オーステナイト・フェライト系(二相系)ステンレスの成分構成
オーステナイト・フェライト系(二相系)ステンレスは、その名の通り、オーステナイト相とフェライト相が混在した二相組織を持つことが特徴です。
成分としては、クロム(Cr)の含有量が高く、ニッケル(Ni)やモリブデン(Mo)も含まれます。
代表的な鋼種であるSUS329J1などは、SUS304に比べて約2倍の強度を持ち、オーステナイト系の優れた耐食性とフェライト系の高い強度、そして耐応力腐食割れ性を兼ね備えています。
海水を使用する熱交換器や化学プラントの部材など、高い強度と耐食性の両方が求められる過酷な環境で使用されます。
析出硬化系ステンレスの成分構成
析出硬化系ステンレスは、クロム(Cr)とニッケル(Ni)を基本成分とし、さらに銅(Cu)やアルミニウム(Al)、ニオブ(Nb)といった元素を添加したステンレス鋼です。
この系統は、溶体化処理後に時効硬化処理という熱処理を加えることで、添加元素の金属間化合物を金属組織内に微細に析出させ、非常に高い強度を得られるのが特徴です。
代表的なSUS630は、優れた耐食性を持ちながら、マルテンサイト系に匹敵する高強度を実現できます。
航空機の部品やゴルフヘッド、高強度が要求されるシャフトなどに利用されています。
ステンレスの成分に関するよくある質問
ステンレスの成分については、その表記方法や特性に関して、実務上多くの質問が寄せられます。
例えば、「18-8」という数字の意味、製品によって磁石がつくものとつかないものがある理由、さらにはニッケルの代替として使用されるマンガン(Mn)の役割など、具体的な疑問点が挙げられます。
ここでは、そうしたステンレスの成分に関するよくある質問を取り上げ、それぞれの疑問に対して簡潔に回答します。

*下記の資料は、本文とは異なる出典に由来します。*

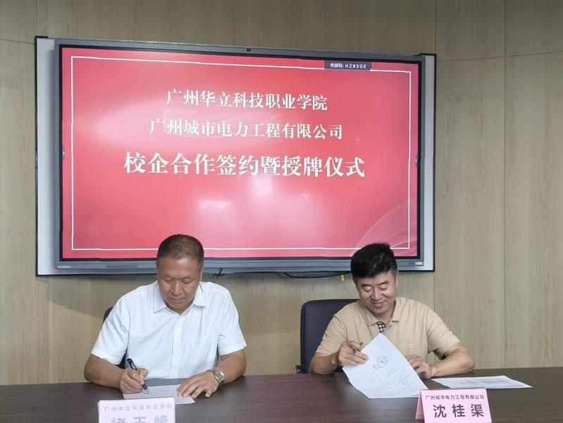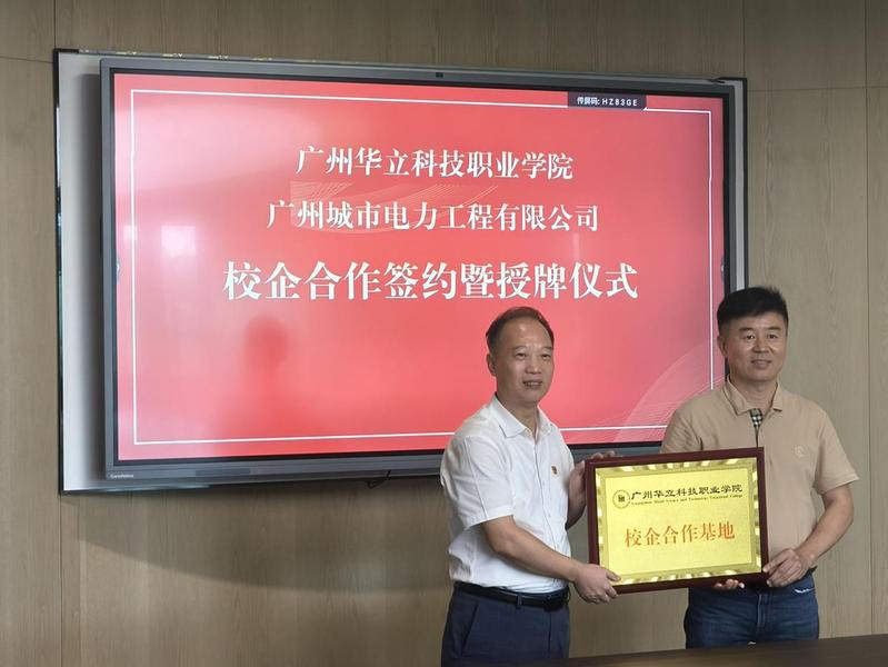 交流结束后,电力与智能制造学院院长褚玉峰与广州城市电力工程有限公司总裁沈桂渠续签了校企合作协议书,陈良声书记为企业授了“校企合作基地”牌子。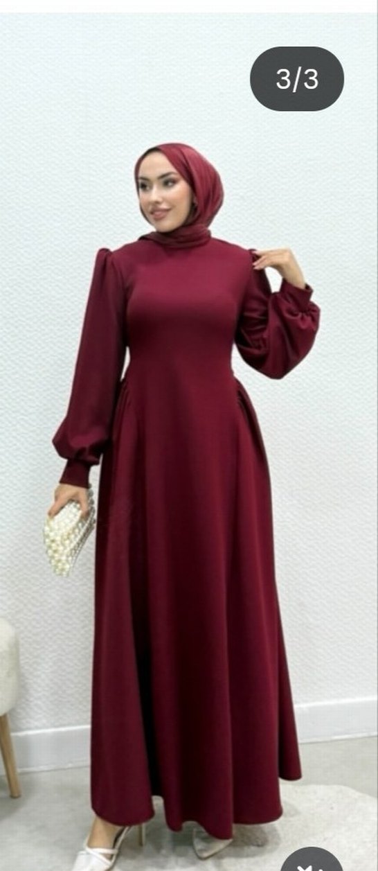 Bordo renkli, uzun kollu ve yüksek yakalı abiye elbise. Salaş kesim ve parlak, desensiz kumaşıyla düğünler için uygun.

Q. 「18-8ステンレス」とはどのような成分のステンレスですか?
18-8ステンレスとは、約18%のクロム(Cr)と約8%のニッケル(Ni)を含むオーステナイト系ステンレス鋼の通称です。
JIS規格ではSUS304がこれに相当します。
耐食性、加工性、溶接性のバランスに優れ、家庭用の厨房用品から工業用設備まで最も広く使用されている、代表的なステンレス鋼です。
Q. ステンレスに磁石がつく・つかない製品があるのはなぜですか?
ステンレスの磁性は、主成分と金属組織の違いによって決まります。
SUS304に代表されるオーステナイト系はニッケルを含むため非磁性です。
一方、SUS430などのフェライト系やSUS410などのマルテンサイト系は磁性を持ちます。
ただし、非磁性のオーステナイト系でも、加工によって組織が変化し、弱い磁性を帯びることがあります。
Q. 食品用や医療用で使われるステンレスの成分に違いはありますか?
特定の用途に限定された成分規格はありませんが、求められる耐食性に応じて適切な鋼種が選ばれます。
食品用に広く使われるのは汎用性の高いSUS304です。
一方、人体への影響を考慮し、より高い耐食性が要求される医療用のメスやインプラントには、モリブデンを添加したSUS316やSUS316Lが使用されるのが一般的です。
まとめ
ステンレス鋼は、鉄を主成分としながら、クロム、ニッケル、モリブデン、炭素といった元素の化学成分の割合を調整することで、多様な特性を発揮する合金です。
クロムが形成する不動態皮膜によって基本的な耐食性が確保され、ニッケルはそれをさらに強化し加工性を向上させます。
JIS規格で定められたSUSの種類ごとに成分は異なり、オーステナイト系やフェライト系といった系統によって、耐食性や強度、保温性といった特性が変化します。
これらの成分と特性の関係性を理解することが、用途に応じた最適なステンレス鋼を選定する上で重要です。